Hello, the reason why i'm making this topic or even making this account is due to the fact that as you can see, I'm confused. I have always been interested in  bdsm being the sub. However, contrasting that is the fact that I tend to become enraged when I feel like I'm being advantage of or if I see other people in those situations. So i came to this forum since I hoped to get some clarity about this and I really don't wan to talk my family about this in order to figure it out.

Posted

I think to be simple

being a sub <> being taken advantage of

or it shouldn't

activities, play, relationship should be something of mutual benefit.  

Posted
Submission and being taken advantage of, in my eyes, are not the same thing. Submission is exactly that, submitting to something or someone. Being taken advantage of is, by default, an unconsenting occurrence. If you are allowing yourself to be the receiver of something, you are consenting to it, therefore I would think you would not be upset or angry about it. Would anyone agree with this?
Posted

Agreed.

Submission is all about consent and choice. This ties on with the thread about who is really in control within a D/s relationship.

For me, D/s (a genuine one) relationship is probably more balanced than a vanilla one because of the communication involved.

To the OP ..  I loathe *** (If it's your kink, great, each to their own) and feel that being submissive gives me all the control. 

I was ***d as a ***, one question I get is How i can allow someone control over me after that. The answer is in the question... how can I allow it? I choose to, I control it.

Posted
1 hour ago, LazyPiratesBounty said:

I was ***d as a ***, one question I get is How i can allow someone control over me after that. The answer is in the question... how can I allow it? I choose to, I control it.

I sometimes loathe the human race, especially after hearing things like this......but it's hearing about how people grow and blossom afterwards that keeps that hope alive.

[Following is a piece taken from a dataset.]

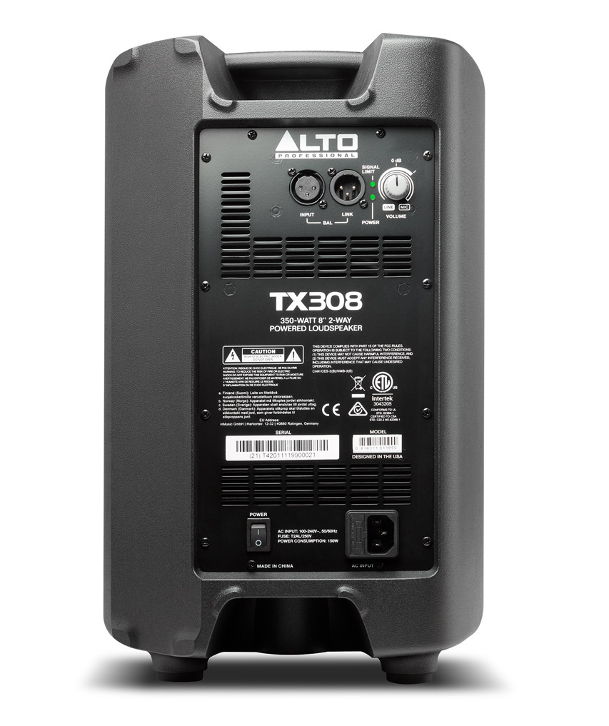 Alto Professional TX308 - двухполосная акустическая система мощностью 300 Вт (пик) с двумя усилителями. Длинноходный 8" НЧ динамик и 1" компрессионный драйвер в рупоре улучшают характеристики воспроизведения и создают покрытие с углами 90˚х60˚, что идеально подходит при охвате площадки.

To the OP, i believe there is a line for everybody that only they can draw.....some people see "being taken advantage of" as a kink/fetish......but again THAT person has allowed that to happen, but rather than becoming "enraged" as you say you do......think it through and try to handle the situation with more finesse. Yes not everyone will respond in the same manner, but then......theres always a way to figure things out.

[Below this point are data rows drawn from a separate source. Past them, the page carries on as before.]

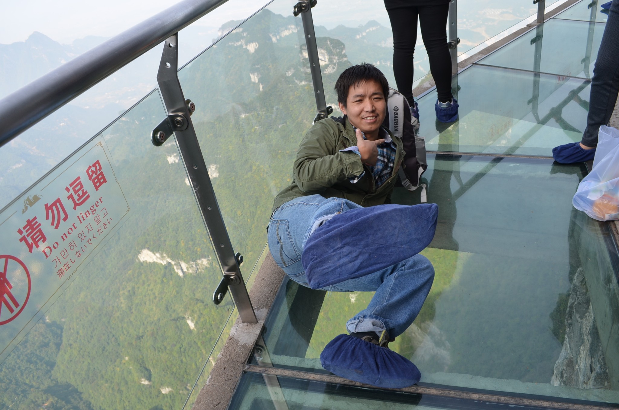 玻璃栈道来天门山不得不提下玻璃栈道,其实现在天门山有三段玻璃栈道。东西线各有一段,今年又开放了一段盘龙崖玻璃栈道。东西线的玻璃栈道各长60米,盘龙栈道长100米,在盘龙栈道上可以俯瞰通天大道的99道拐。上玻璃栈道需要交5块钱的鞋套费。
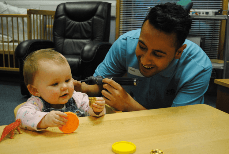 Used for infants and children (5–24 months). Measures hearing thresholds by observing responses to sound stimuli paired with visual cues (e.g., lighted boxes or moving toys).
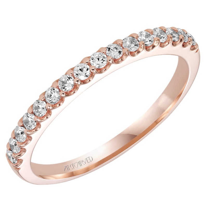 Artcarved Bridal Mounted with Side Stones Contemporary Floral Halo Engagement Ring Skyler 14K Rose Gold
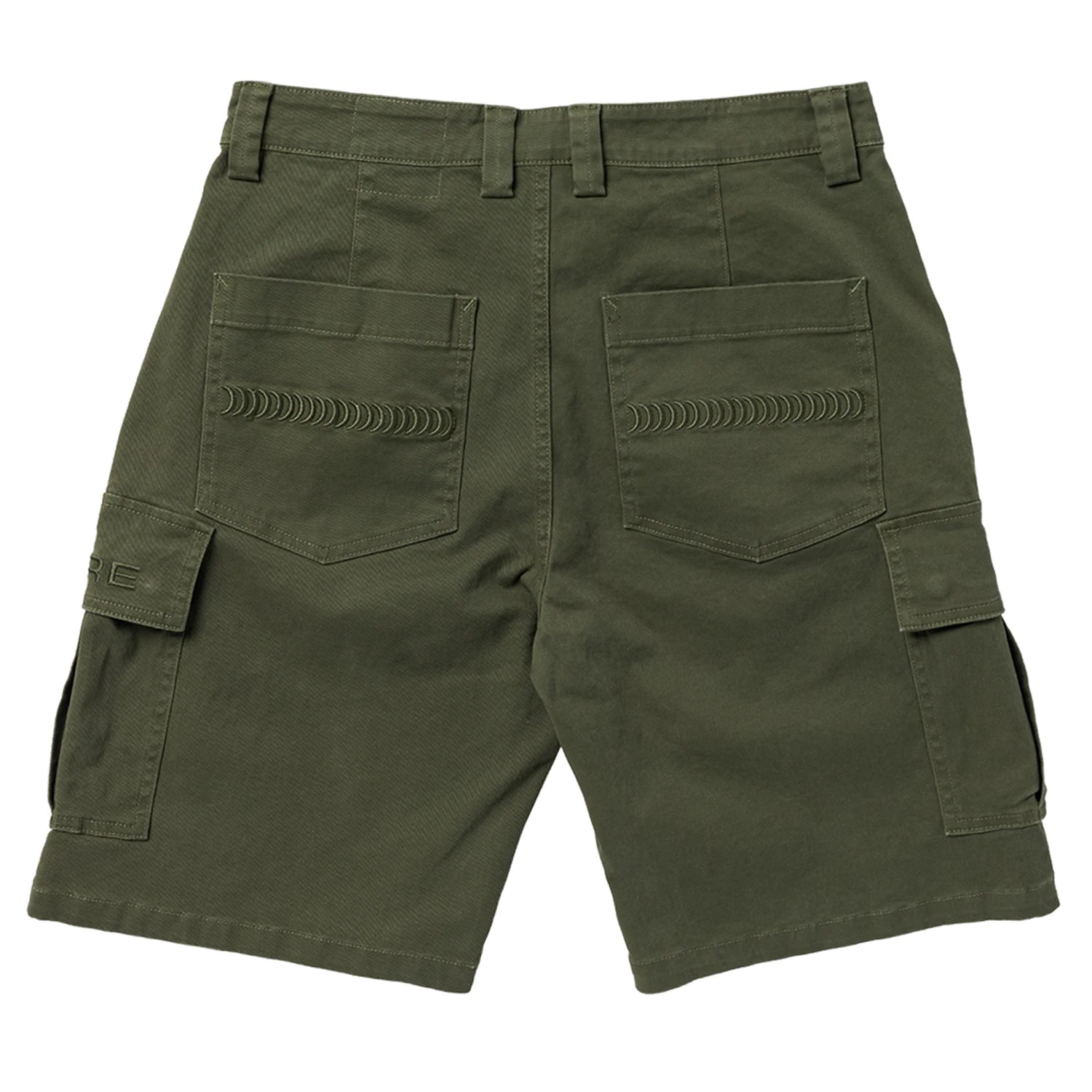 Cargo shorts with a loose fit and custom Spitfire branding on front right pocket and custom swirls graphics on back pockets.

Sorry its not too helpful 

Posted (edited)

There is no confusion, if  someone take advantage of you just walk out end of. Even the slightest if you don’t like it or didn’t agreed with it’s the path to more and escalated.

Edited by Deleted Member
Typo
Posted
LPB, nicely put. I would agree that the submissive is very powerful in the relationship, since they are trusting the Dominate to protect their beat interests. The communication practices are definitely more open and free-flowing than most Vanilla relationships.